Source data
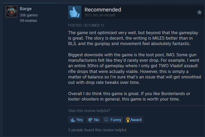 Another reviewed, “The game isnt optimized very well, but beyond that the gameplay is great. The story is decent, the writing is MILES better than in BL3, and the gunplay and movement feel absolutely fantastic.
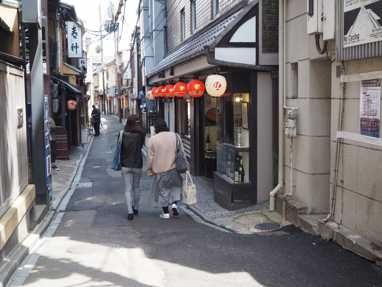 先斗町は鴨川に沿って南北に四条から三条へと続く飲食店街です。車が1台ほどが通れる狭い道に飲食店街が並んでいます。多くは夕方から夜に店は開きますが、昼間に食事がとれる店もあります。先斗町は多くの店は2階建ての木造の家屋の店で、それがずっと続いているのが風情があります。やはり繁華街によくあるネオンがなかったり、風俗の店がないのは先斗町の気品を挙げている感じがします。
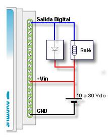 A continuación se muestra en la siguiente imagen como realizar la conexión de un relé en una salida digital del equipo:
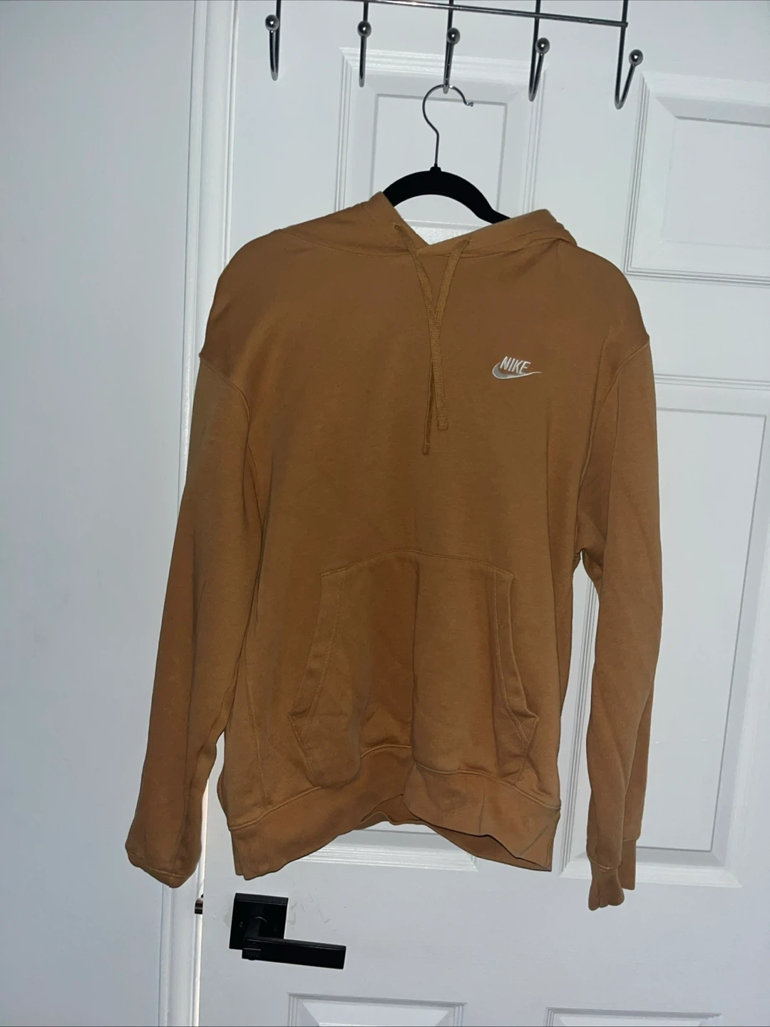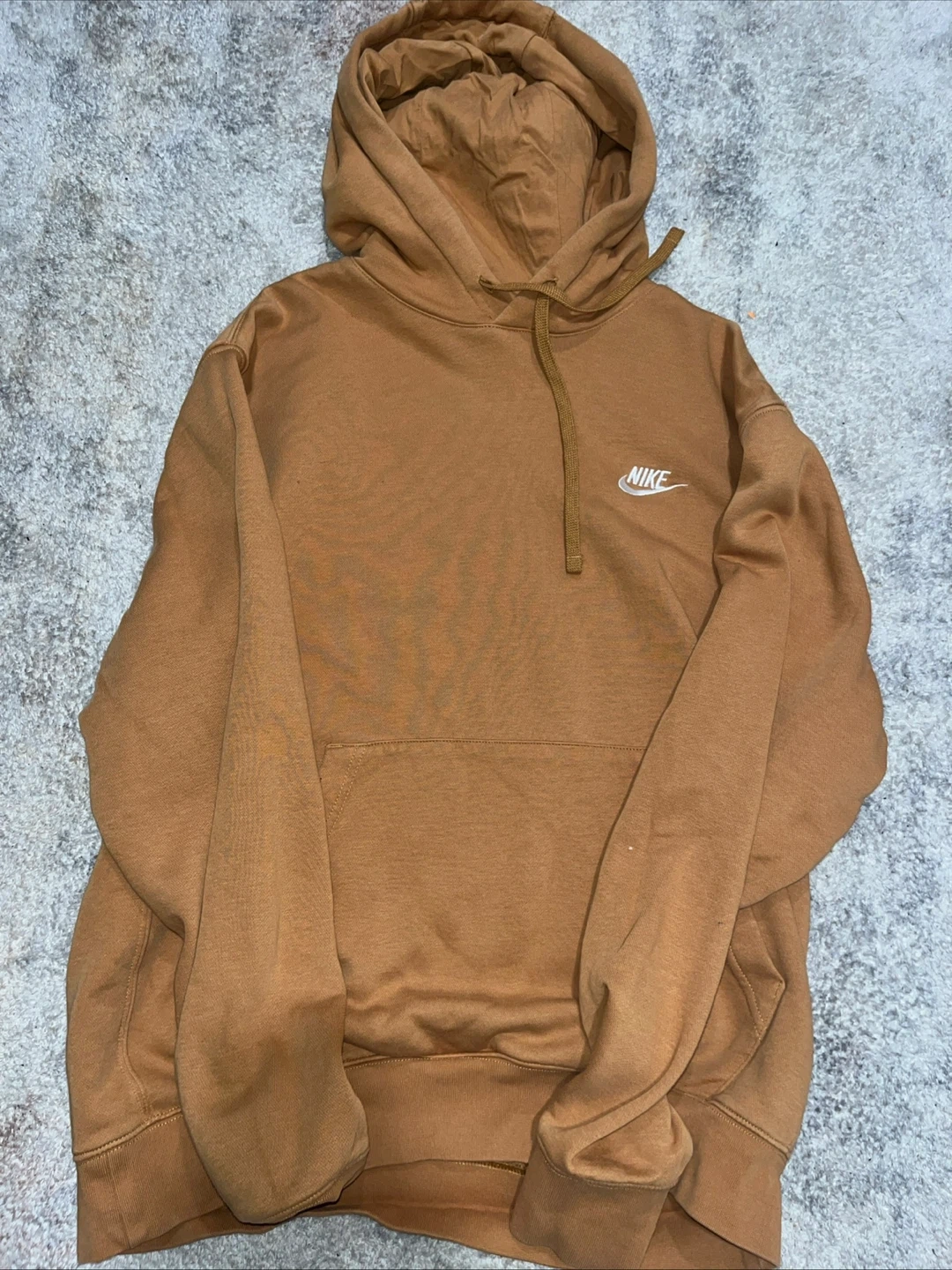 This is a Nike pullover hoodie in a warm brown colour. It features a front kangaroo pocket and an adjustable drawstring hood. A classic Nike swoosh logo is embroidered on the chest. It's made from a comfortable blend of cotton and polyester.

Exercise
Reproduce exactly, and only, the lines from the opening line of the listing above through the line holding "A continuación se", minus the pictures.

Result of the exercise
 Another reviewed, “The game isnt optimized very well, but beyond that the gameplay is great. The story is decent, the writing is MILES better than in BL3, and the gunplay and movement feel absolutely fantastic.
 先斗町は鴨川に沿って南北に四条から三条へと続く飲食店街です。車が1台ほどが通れる狭い道に飲食店街が並んでいます。多くは夕方から夜に店は開きますが、昼間に食事がとれる店もあります。先斗町は多くの店は2階建ての木造の家屋の店で、それがずっと続いているのが風情があります。やはり繁華街によくあるネオンがなかったり、風俗の店がないのは先斗町の気品を挙げている感じがします。
 A continuación se muestra en la siguiente imagen como realizar la conexión de un relé en una salida digital del equipo:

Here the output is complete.